• [YOUR INSTRUCTIONS]:
In the copy, include exactly the lines from the one with "蓬萊閣門(mén)票可以在公" through the end of the data and no others, both ends kept, with every picture left out.

------------------------

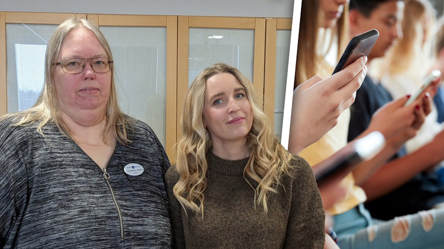 Lärarna Anna-Maria Olsson och Viktoria Modd ser fördelarna med att skolan införde mobilförbud. Foto: Privat och Adobe stock
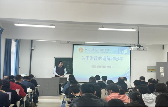 2024年3月27日下午,beat365在线官网入口邀请财政部新疆监管局监管二处处长吴晗来公司做专题讲座。讲座名称“关于财政的理解和思考”。会议由金融与贸易系朱俏俏副教授主持,beat365在线官网入口全体教职工80余人听取讲座。
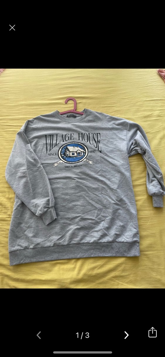Gri renkte, uzun kollu ve yuvarlak yakalı kadın sweatshirtü. Yumuşak ve sıcak kumaştan, baskılı desenli, rahat ve trend sokak stili için uygun.
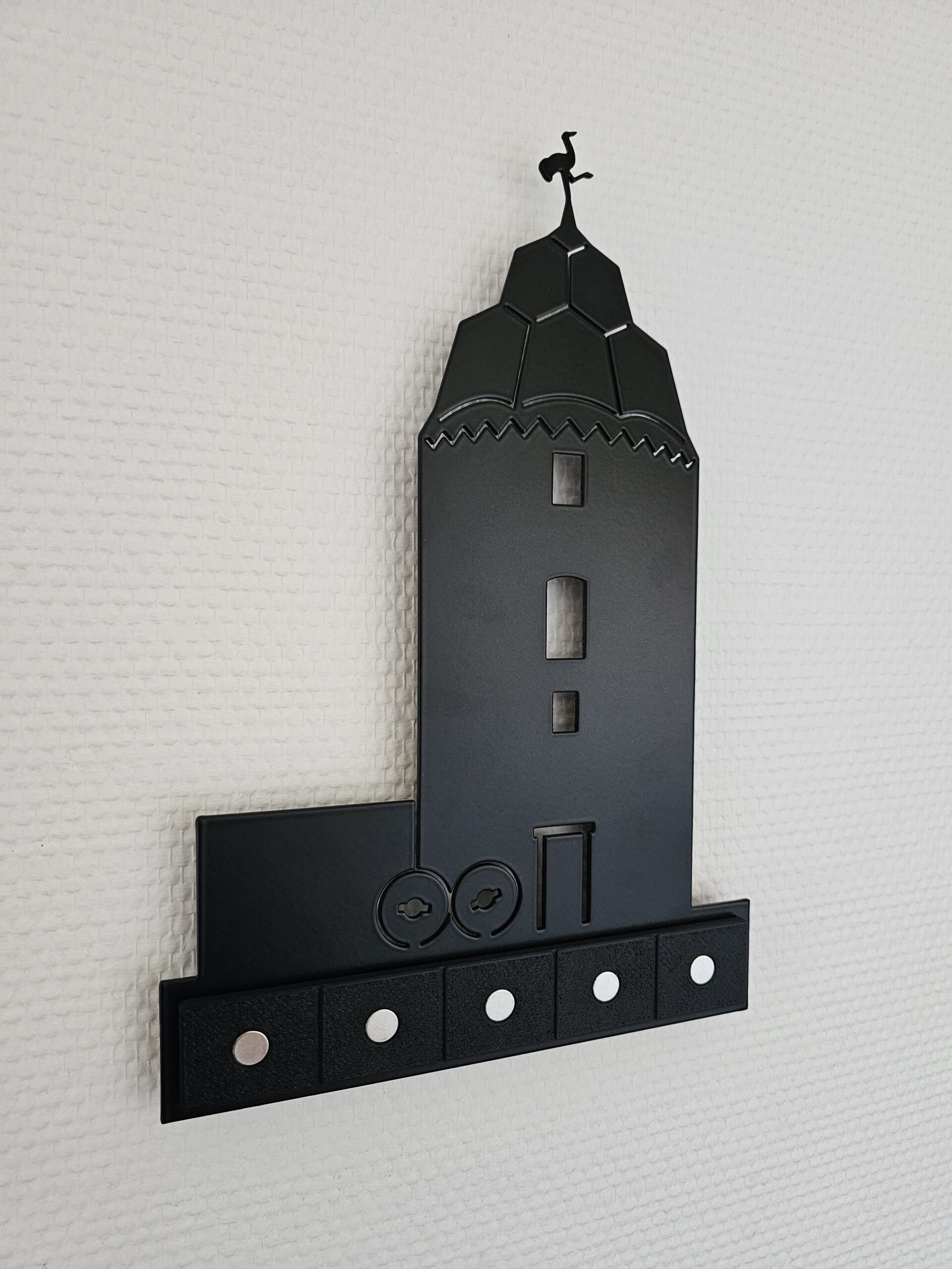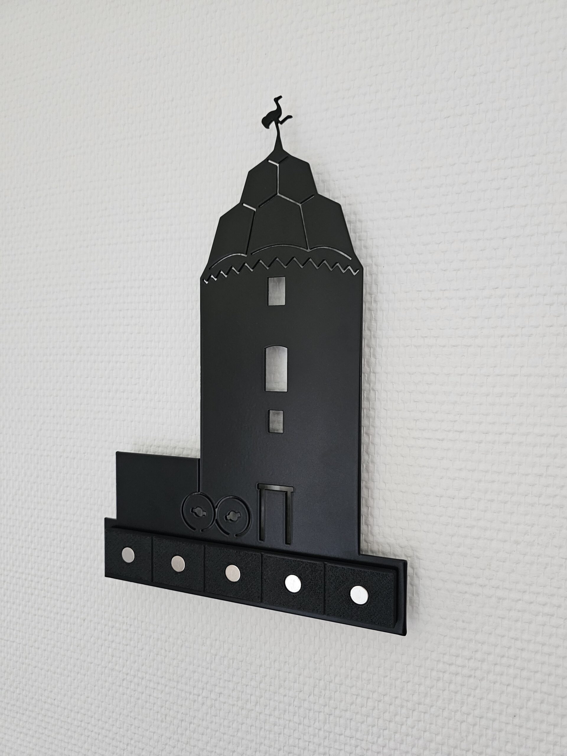 Dieses Motiv greift die charakteristische Silhouette des Mühlturms auf und übersetzt sie in ein klares, reduziertes Wanddesign mit regionalem Charakter. Die minimalistische Linienführung bringt die historische Form modern zur Geltung und verbindet Vergangenheit mit zeitlosem Design.
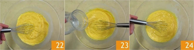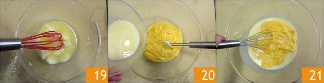Faça o mesmo com a manteiga, mergulhando-a brevemente na água do banho-maria e misturando até atingir a temperatura de 26° 19. Despeje a manteiga dentro do creme 20 e misture bem com um batedor 21.
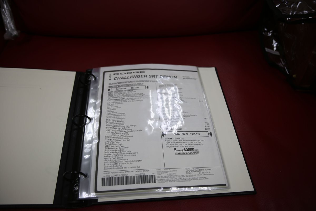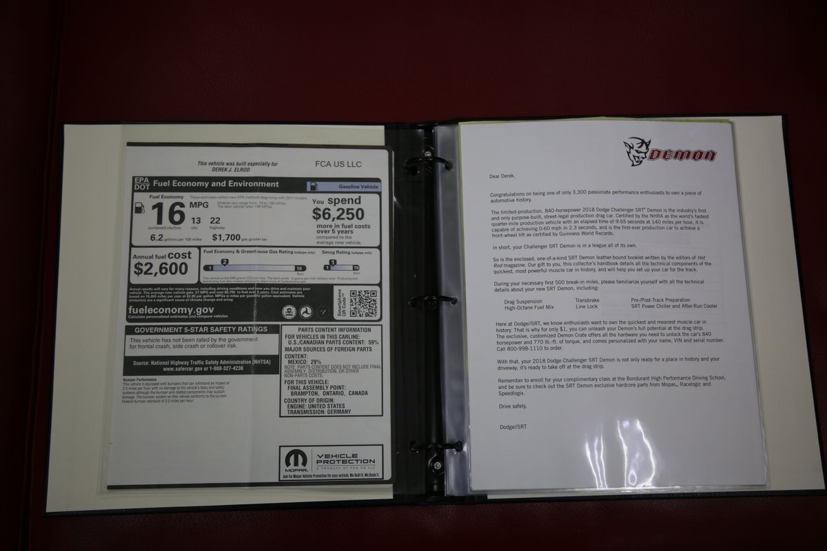 Collector grade Demons are becoming difficult to find especially True One Owner cars! Complete with an Un-Opened Demon Crate, both Car Covers, Battery Tender, Original Window Sticker and the VIN Specific Leather Performance Binder.
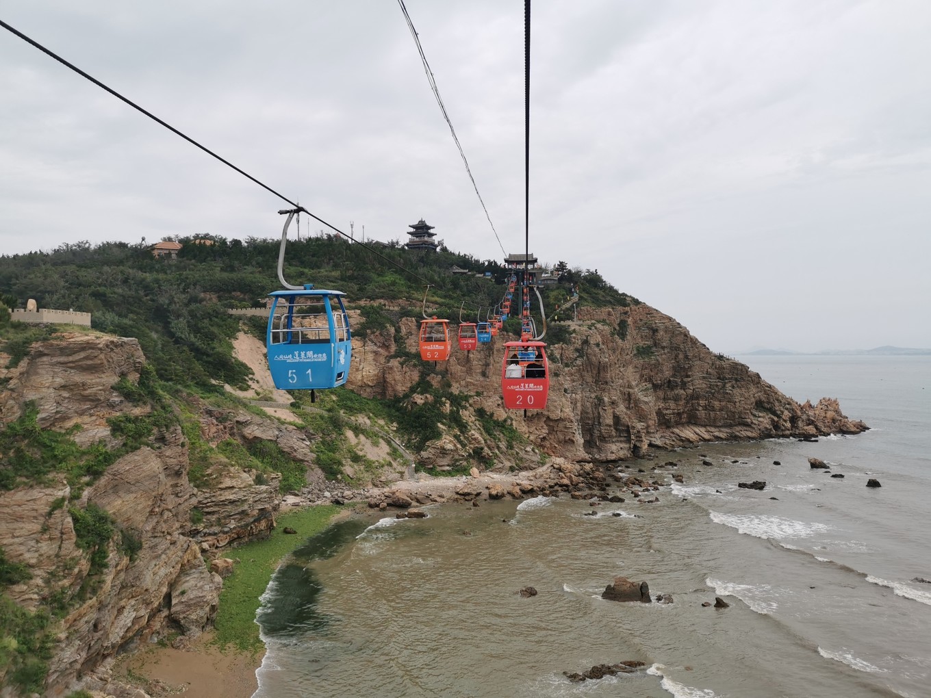 蓬萊閣門(mén)票可以在公眾號(hào)“蓬萊閣景區(qū)管理中心”購(gòu)買(mǎi),50元/人,兩天內(nèi)有效,酒店一般都有購(gòu)票優(yōu)惠碼48元/人,半天時(shí)間游玩足夠了,從東門(mén)進(jìn)-參觀東炮臺(tái)-古建筑群后出來(lái),乘海上纜車(chē)去橫田看看(纜車(chē)另收費(fèi),單程30/人,往返50/人),回來(lái)之后對(duì)博物館感興趣的可以一路參觀登州和古船博物館,我倆因?yàn)閷?duì)博物館無(wú)感,就直接跳過(guò)了。
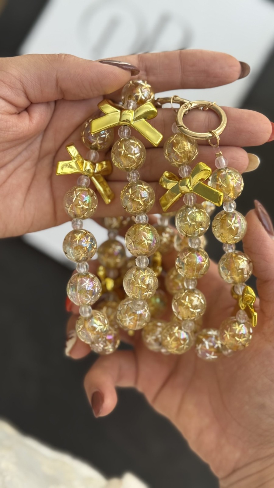 این آویز موبایل شامپاینی از متریال باکیفیت ساخته شده که دوام بالا و ماندگاری رنگ فوق‌العاده‌ای دارد. مهره‌های طلایی-شفاف آن دارای افکت براق و انعکاس نور هستند و در نور طبیعی جلوه‌ای درخشان‌تر پیدا می‌کنند. پاپیون‌های طلایی نیز جلوه‌ای لوکس و خاص به آن می‌بخشند.

------------------------

• [EXPECTED ANSWER]:
 蓬萊閣門(mén)票可以在公眾號(hào)“蓬萊閣景區(qū)管理中心”購(gòu)買(mǎi),50元/人,兩天內(nèi)有效,酒店一般都有購(gòu)票優(yōu)惠碼48元/人,半天時(shí)間游玩足夠了,從東門(mén)進(jìn)-參觀東炮臺(tái)-古建筑群后出來(lái),乘海上纜車(chē)去橫田看看(纜車(chē)另收費(fèi),單程30/人,往返50/人),回來(lái)之后對(duì)博物館感興趣的可以一路參觀登州和古船博物館,我倆因?yàn)閷?duì)博物館無(wú)感,就直接跳過(guò)了。
 این آویز موبایل شامپاینی از متریال باکیفیت ساخته شده که دوام بالا و ماندگاری رنگ فوق‌العاده‌ای دارد. مهره‌های طلایی-شفاف آن دارای افکت براق و انعکاس نور هستند و در نور طبیعی جلوه‌ای درخشان‌تر پیدا می‌کنند. پاپیون‌های طلایی نیز جلوه‌ای لوکس و خاص به آن می‌بخشند.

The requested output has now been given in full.